The challenge was set by an Icelandic group with the acronym CHILL-ICE (Construction of a Habitat Inside a Lunar-analogue Lava-tube | Iceland Campaign of EuroMoonMars).

A team of 10 third-year students had seven weeks to work on the project, designing and constructing two full-scale prototypes that they presented remotely to the CHILL-ICE team.

Faculty designers then spent the last four weeks developing a third concept prototype that built on the work by the student team. 
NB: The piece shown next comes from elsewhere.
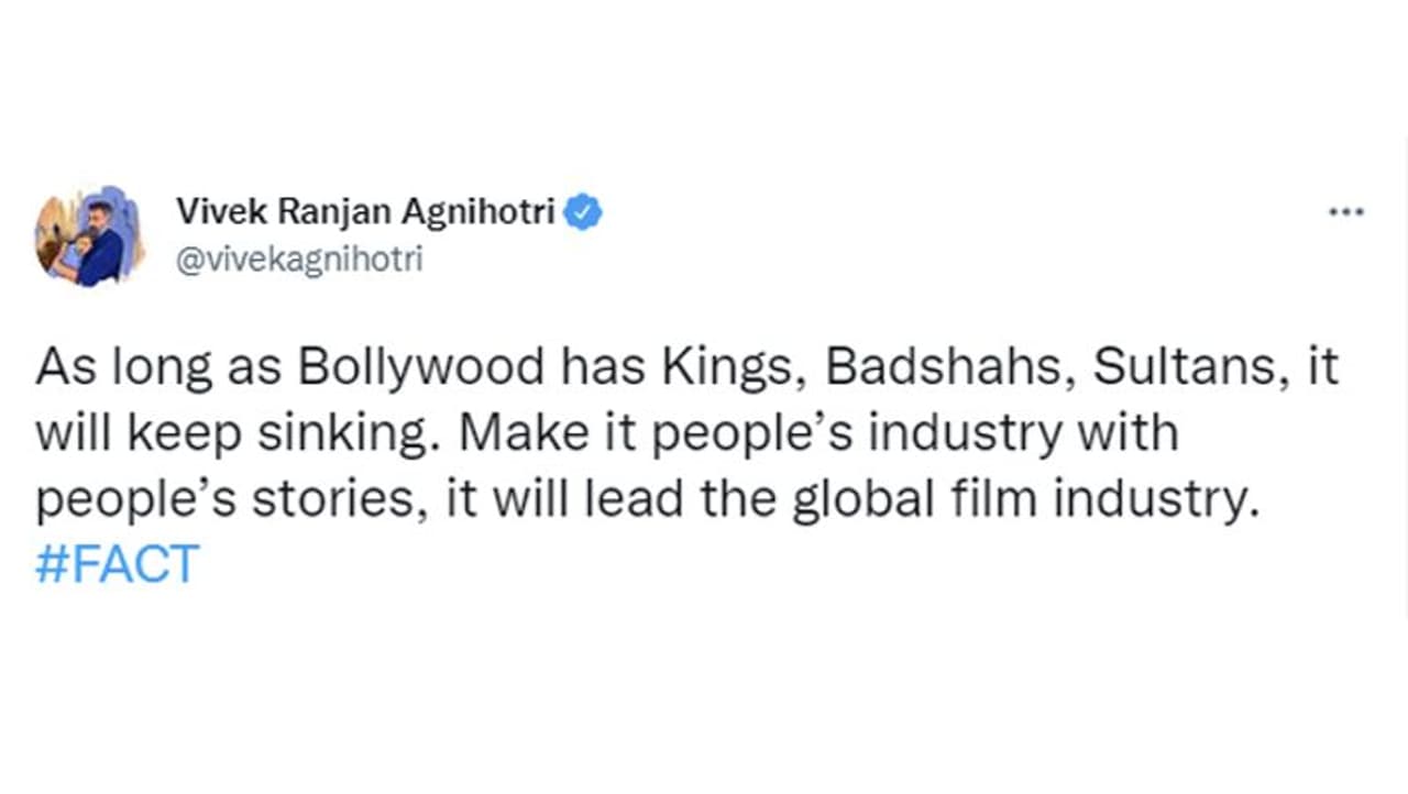 विवेक ने अपने ट्विटर अकाउंट पर ट्वीट करते हुए लिखा, 'जब तक बॉलीवुड में ये किंग, बादशाह और सुल्तान रहेंगे, तब तक हिंदी सिनेमा डूबते रहेगा। यदि आप लोगों की कहानी के सहारे इसे लोगों की इंडस्ट्री बनाएंगे, तभी यह ग्लोबल फिल्म इंडस्ट्री को लीड कर पाएगी। यह फैक्ट है।'

“We didn't sleep much,” said student Bailee van Rikxoort, the project manager. “We were the first ones at school and the last ones to leave, and we continued to work on the project once the school closed at night.”

The habitat is barrel-vaulted, with a single side door and weighs less the 30 kilograms. It offers about 40 cubic metres of living space to accommodate the crew.

The ECHO uses inflatable supports and shock-corded poles for structure and is deployable in two hours.

The habitat skin is constructed of Tyvek building membrane, a material chosen for being lightweight and economical.

Outdoor equipment companies Mustang Survival and MEC contributed specialty material, while design companies, such as Thin Red Line, contributed their expertise in design, technologies, materials and construction.

ECHO will be tested in Iceland in late July and early August, after which the Wilson School of Design team will receive feedback and maybe even design a habitat for a similar mission in Hawaii later this year.

 The project will feature in a paper presented at the Lunar and Planetary Institute’s "Workshop on Terrestrial Analogs for Planetary Exploration" later this month. In October, ECHO will be presented at the 2021 International Astronautical Conference in Dubai.